Lenovo Thinkpad X1 Yoga

The huge electronics trade show CES is in progress in Las Vegas, with manufacturers showing off a dizzying array of new laptops and tablets for 2016, along with talking refrigerators and autonomous drones and a lot of useless gadgets that will never actually make it into production. The best announcement so far: at the show Lenovo announced this year’s update for the Thinkpad X1 Carbon, the single best business laptop on the market, plus an unexpected addition to the Thinkpad X1 lineup.

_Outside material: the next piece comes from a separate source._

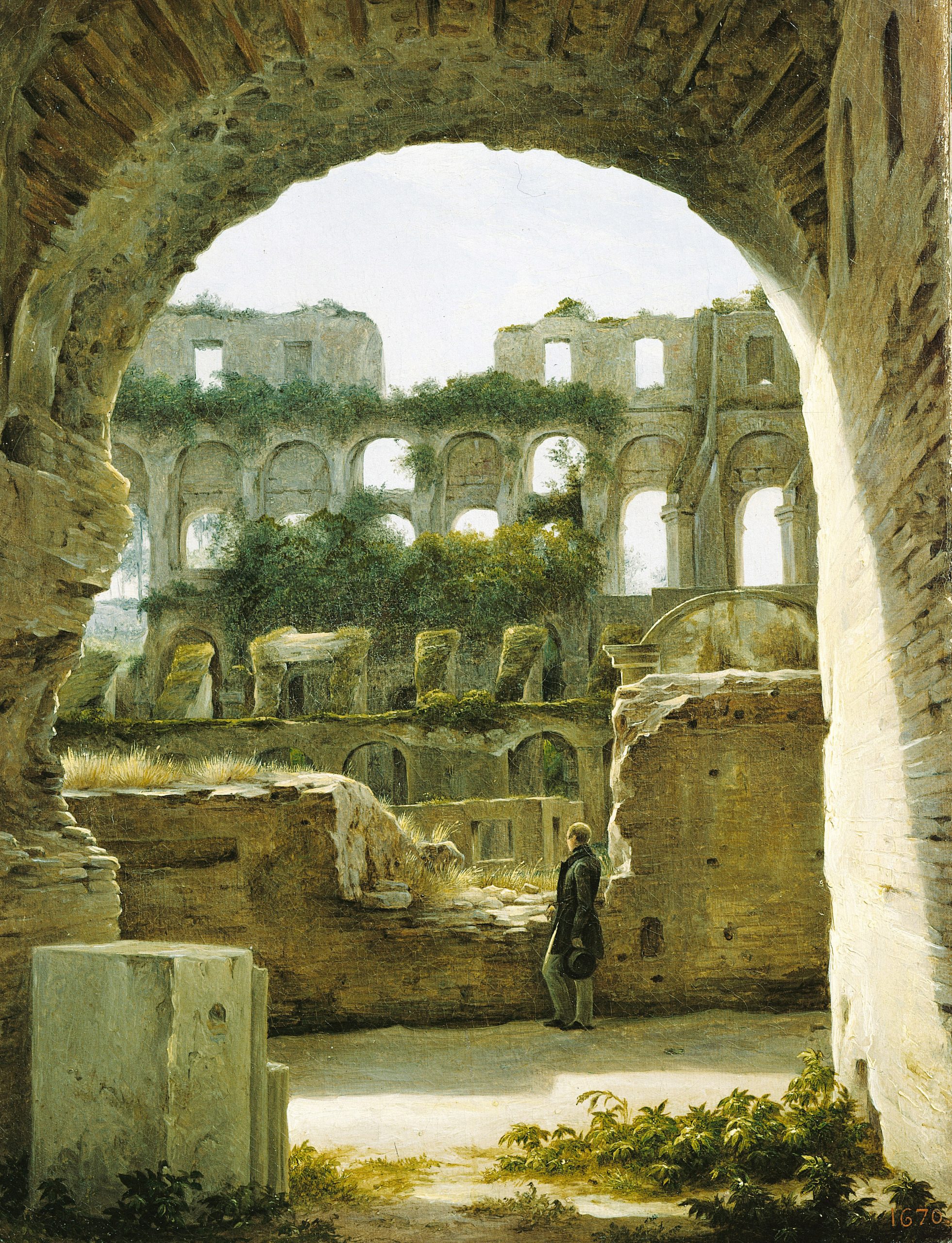 Lorsqu’il travaillait à cette église, Michel-Ange, déjà très vieux, fut trouvé un jour d’hiver, après la chute d’une grande quantité de neige, errant au milieu des ruines du Colysée. Il venait monter son âme au ton qu’il fallait pour pouvoir sentir les beautés et les défauts de son propre dessin de la coupole de Saint-Pierre. Tel est l’empire de la beauté sublime ; un théâtre donne des idées pour une église. Stendhal, Promenades dans Rome

I’ve written frequently about the Thinkpad X1 Carbon, most recently here. Since its introduction in 2012, the Thinkpad X1 Carbon has been nearly perfect in every way. It has conservative business styling with an attractive black matte case; the famed Thinkpad keyboard, long considered the best laptop keyboard available; light weight and an impossibly thin profile; long battery life; a beautiful 14” screen that somehow fits into a 13” chassis; and fast performance with the latest Intel processors and a speedy solid state drive. Not everyone cares but I’m a big fan of the pointing stick in the middle of the keyboard as an alternative to the touchpad for cursor control, which has disappeared from almost everywhere except Thinkpad laptops. The Thinkpad X1 is a great laptop and it’s getting better in 2016.

In 2016, Lenovo is splitting the Thinkpad X1 into two products: the traditional X1 Carbon with some modest tweaking to make it even better; and the new X1 Yoga, which is virtually identical but features a hinge that allows it to fold back 180 degrees so it can be used as a kind of tablet, like other Lenovo Yoga devices. The Thinkpad X1 Carbon no longer has an option for a touchscreen; if you want a touchscreen (and you should), you’ll get the X1 Yoga.

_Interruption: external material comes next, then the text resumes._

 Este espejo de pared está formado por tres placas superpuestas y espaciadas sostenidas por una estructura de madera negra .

The changes from last year’s X1 Carbon are modest but helpful. All models are built with Intel’s latest 6th-gen processors, which should improve battery life, along with an improved fingerprint reader, better screens, more memory (up to 16Gb), bigger solid state drives for more storage space (up to 1Tb), a host of ports, and a new option for connecting wirelessly to a docking station. Yet the X1 Carbon is slightly thinner and lighter than previous models. The fetish for thinness and light weight has gone way past any pretense that it is helping productivity, by the way. Apple does the same thing with the iPhone and iPad – devices are getting thinner and lighter because it’s really cool and it makes us want them, and that’s enough.

The X1 Yoga has two more things that make it notable. One is a stylus that is stored inside the case where it won’t be lost. You might not want a stylus, in which case it doesn’t matter that it’s there. Stylus users, though, have been having a frustrating time – Microsoft (Surface Pro / Surface Book) and Apple (iPad) have been steadily improving styluses for artists and designers but have not provided any good way to carry them around. Sound trivial? Try losing one. They’re $60-$100 accessories.

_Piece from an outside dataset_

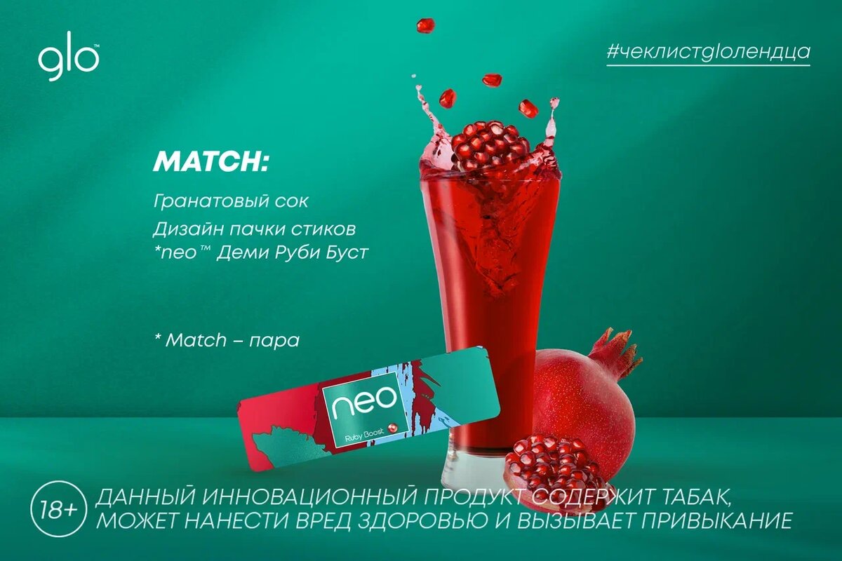 В заведениях #gloленд знают, что к каждому дизайну пачки стиков можно подобрать напиток по цвету. Сегодняшний мэтч: гранатовый сок и дизайн пачки стиков neo Деми Руби Буст – за насыщенность с первого взгляда. Какие сочетания могли бы попасть в #gloленд? 18+ Данный инновационный продукт содержит табак. Может нанести вред здоровью и вызывает привыкание. Пейринг – подбор сочетаний.

The other interesting new option for the X1 Yoga is a 14” 2560×1440 OLED screen. It will be the first of many high-end laptops offering an OLED screen instead of the traditional LCD technology. OLED screens are reportedly very impressive when they’re seen side by side with a conventional LCD screen – deep blacks and luscious colors. The OLED option won’t be available until later this spring and it may turn out to be a mixed blessing: it will add two hundred dollars to what is already an expensive laptop, and it may shorten battery life considerably. The Thinkpad screens are already excellent (with a matte finish instead of a high gloss finish, making them much more usable under bright lights or outdoors), so I’m not convinced that the OLED option will be compelling.

The X1 Carbon will start at $1,299 when it goes on sale in February. Lenovo is already taking orders for three configurations of the X1 Yoga on its website, starting at $1,439 and shooting up to $1,799 for a bigger this and faster that. There will be many more configurations as Lenovo ramps up production. Don’t be surprised if the one you want approaches two thousand dollars.

I’ve been waiting for the 2016 Thinkpad X1 and I couldn’t be more excited by the X1 Yoga. It will be my next laptop.

Also worth noting from the CES show: Dell announced the Latitude 13, a business version of the very successful XPS 13, more realistically priced at about $1,300 for the model you want. And Lenovo is not the only manufacturer trying to make laptops that are no thicker than a sheet of cardboard – the Samsung Notebook 9 and refreshed HP Spectre x360 will also be absurdly thin and light when they’re released. It’s going to be a good year for Windows laptops!